TO DO:
Could you transcribe exactly the lines below, from the line with "Want to build" through the line with "在簽約環(huán)節(ji", and nothing else, leaving out the pictures?

DATASET ENTRIES:
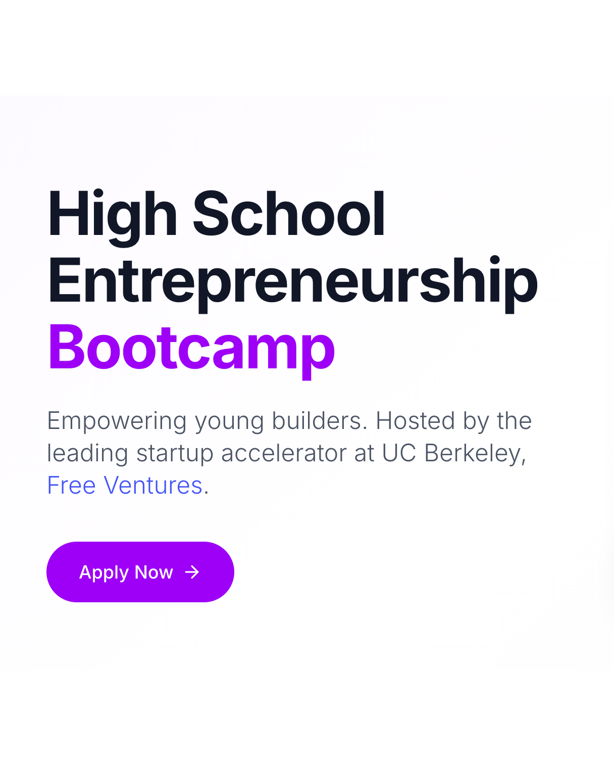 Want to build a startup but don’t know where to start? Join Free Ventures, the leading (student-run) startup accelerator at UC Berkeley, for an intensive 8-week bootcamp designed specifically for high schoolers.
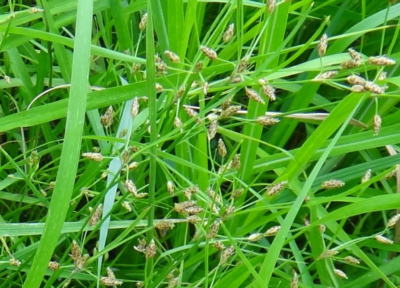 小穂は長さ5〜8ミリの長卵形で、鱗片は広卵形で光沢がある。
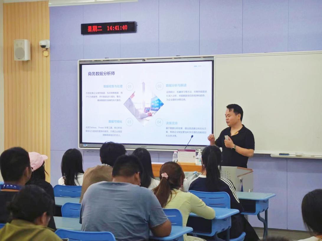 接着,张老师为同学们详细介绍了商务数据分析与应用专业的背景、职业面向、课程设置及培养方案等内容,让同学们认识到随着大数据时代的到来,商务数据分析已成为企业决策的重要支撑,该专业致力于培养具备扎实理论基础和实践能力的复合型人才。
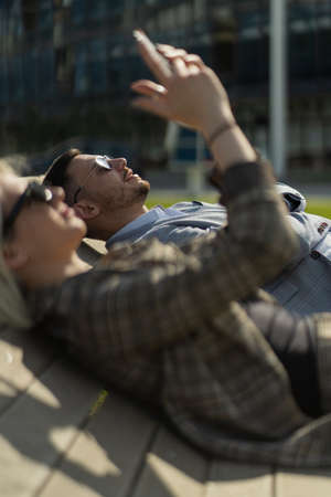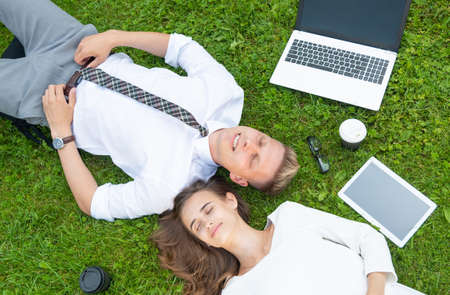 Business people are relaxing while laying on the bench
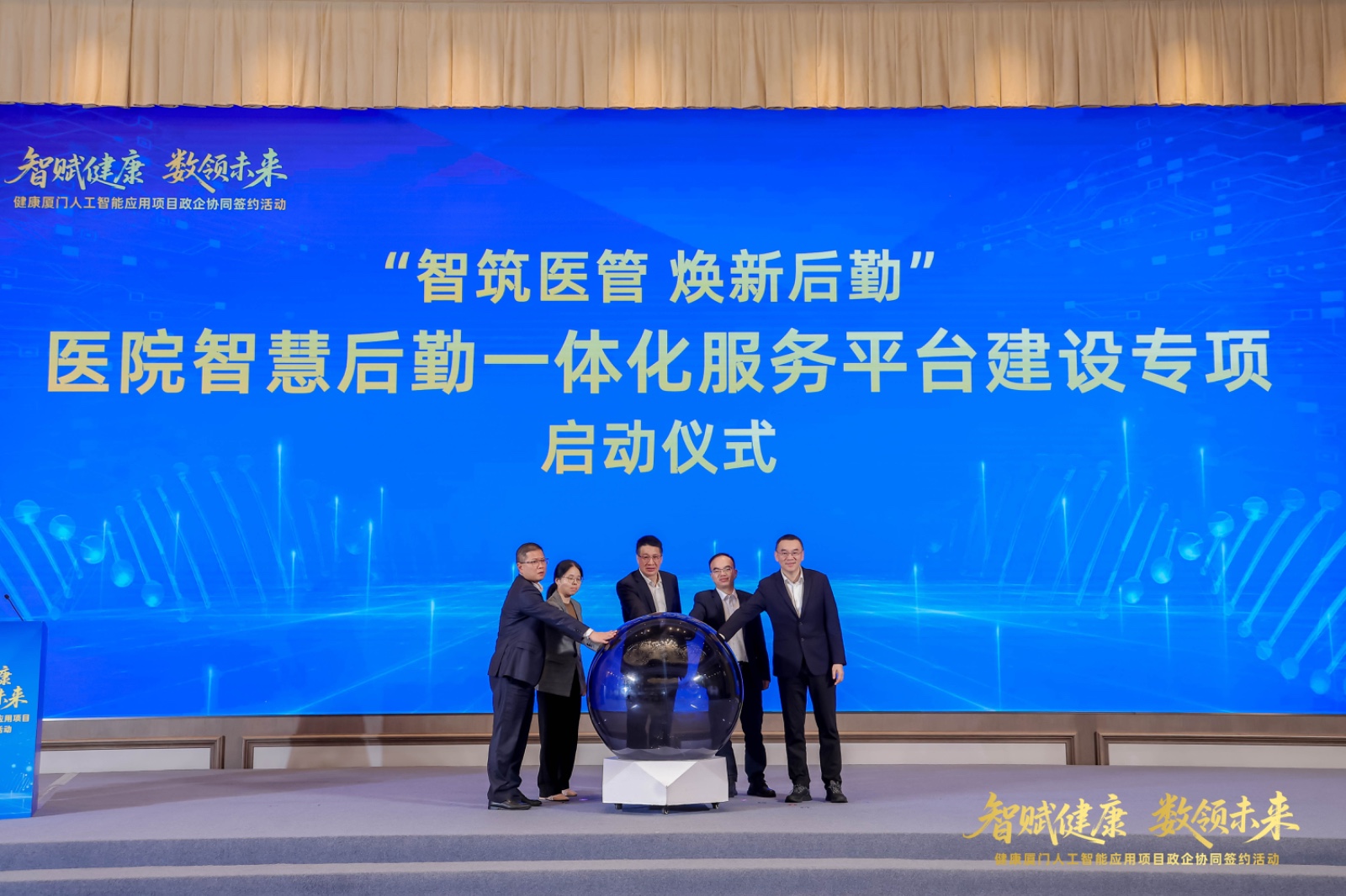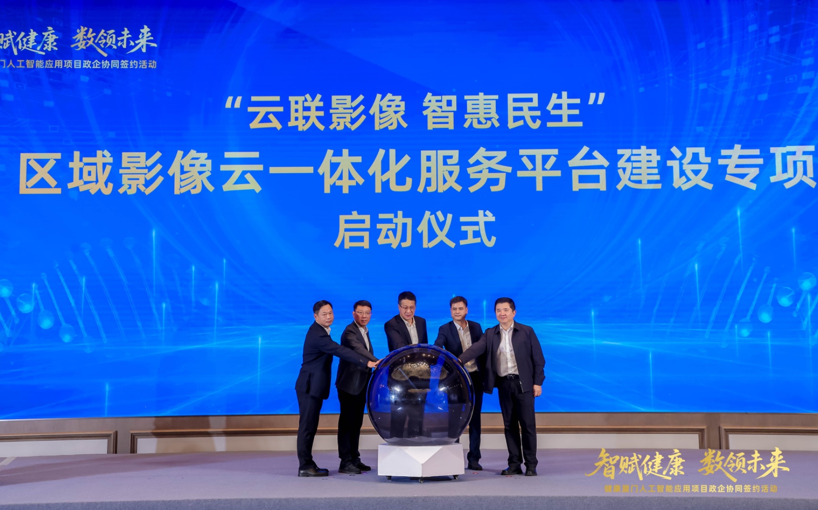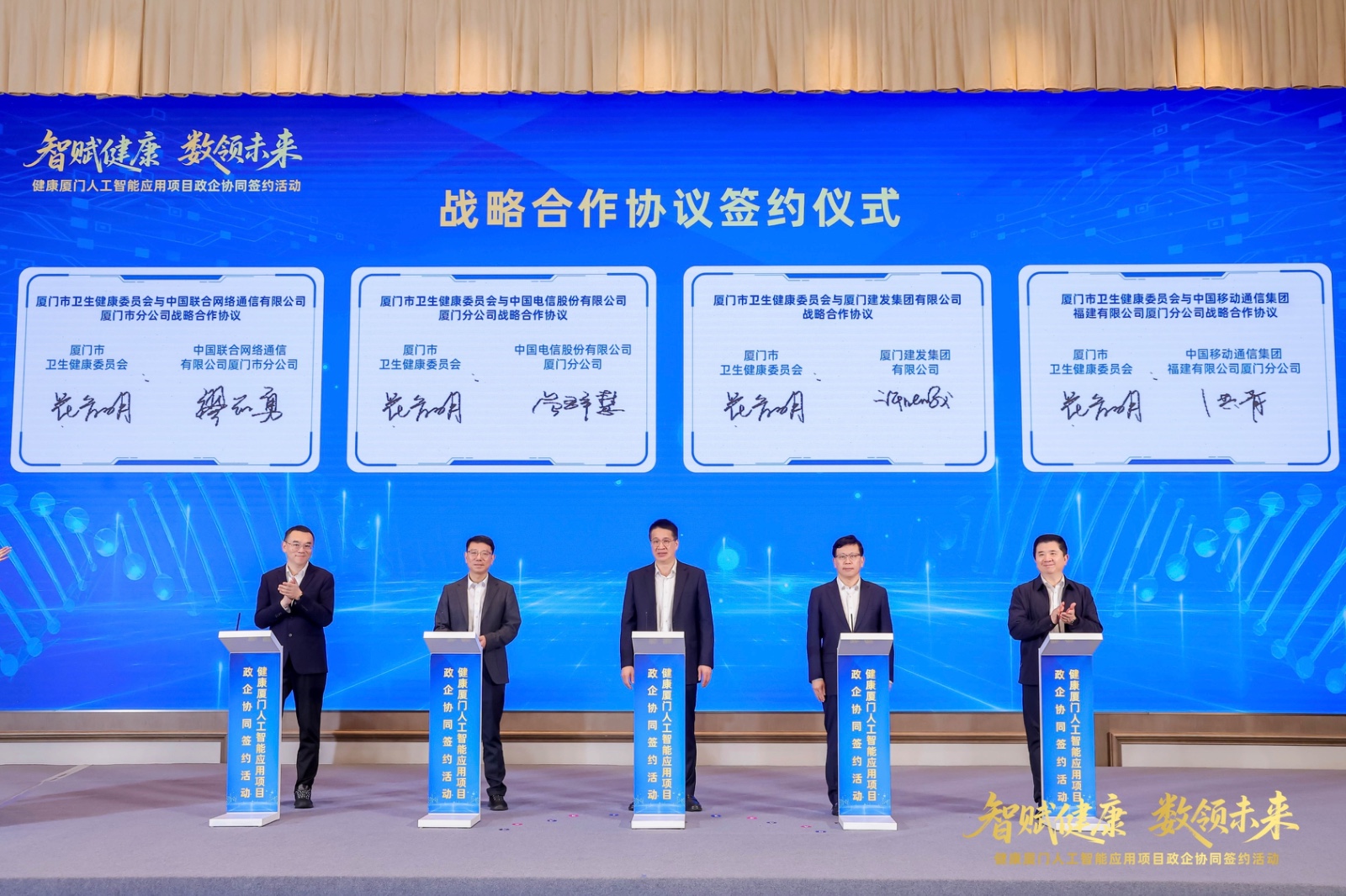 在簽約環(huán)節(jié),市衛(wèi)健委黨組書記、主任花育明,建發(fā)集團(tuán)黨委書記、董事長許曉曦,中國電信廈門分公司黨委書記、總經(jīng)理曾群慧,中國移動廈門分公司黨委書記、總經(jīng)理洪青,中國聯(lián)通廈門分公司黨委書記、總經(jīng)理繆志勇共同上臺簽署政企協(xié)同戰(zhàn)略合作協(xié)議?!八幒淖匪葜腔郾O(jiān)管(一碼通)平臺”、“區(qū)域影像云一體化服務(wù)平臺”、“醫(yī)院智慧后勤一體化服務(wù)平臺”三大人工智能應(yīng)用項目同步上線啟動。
---
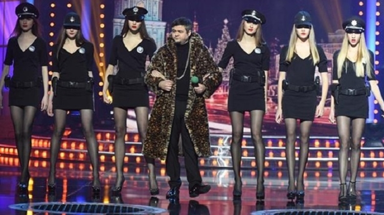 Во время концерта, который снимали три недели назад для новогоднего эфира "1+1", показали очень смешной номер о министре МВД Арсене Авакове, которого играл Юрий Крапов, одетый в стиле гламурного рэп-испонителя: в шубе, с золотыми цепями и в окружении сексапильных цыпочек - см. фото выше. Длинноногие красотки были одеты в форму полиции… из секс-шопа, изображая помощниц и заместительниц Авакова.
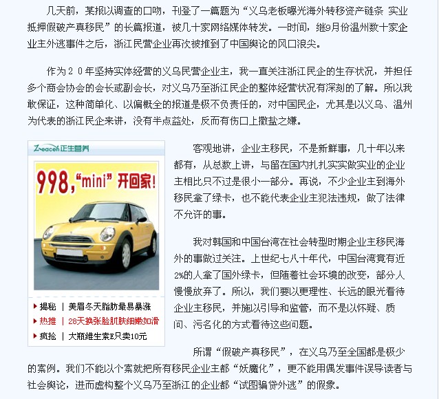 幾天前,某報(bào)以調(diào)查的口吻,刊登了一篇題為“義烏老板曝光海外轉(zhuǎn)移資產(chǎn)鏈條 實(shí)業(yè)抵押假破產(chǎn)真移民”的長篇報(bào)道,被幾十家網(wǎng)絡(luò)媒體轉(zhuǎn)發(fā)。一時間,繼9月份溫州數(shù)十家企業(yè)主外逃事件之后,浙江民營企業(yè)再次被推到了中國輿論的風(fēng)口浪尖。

YOUR SOLUTION:
 Want to build a startup but don’t know where to start? Join Free Ventures, the leading (student-run) startup accelerator at UC Berkeley, for an intensive 8-week bootcamp designed specifically for high schoolers.
 小穂は長さ5〜8ミリの長卵形で、鱗片は広卵形で光沢がある。
 接着,张老师为同学们详细介绍了商务数据分析与应用专业的背景、职业面向、课程设置及培养方案等内容,让同学们认识到随着大数据时代的到来,商务数据分析已成为企业决策的重要支撑,该专业致力于培养具备扎实理论基础和实践能力的复合型人才。
 Business people are relaxing while laying on the bench
 在簽約環(huán)節(jié),市衛(wèi)健委黨組書記、主任花育明,建發(fā)集團(tuán)黨委書記、董事長許曉曦,中國電信廈門分公司黨委書記、總經(jīng)理曾群慧,中國移動廈門分公司黨委書記、總經(jīng)理洪青,中國聯(lián)通廈門分公司黨委書記、總經(jīng)理繆志勇共同上臺簽署政企協(xié)同戰(zhàn)略合作協(xié)議?!八幒淖匪葜腔郾O(jiān)管(一碼通)平臺”、“區(qū)域影像云一體化服務(wù)平臺”、“醫(yī)院智慧后勤一體化服務(wù)平臺”三大人工智能應(yīng)用項目同步上線啟動。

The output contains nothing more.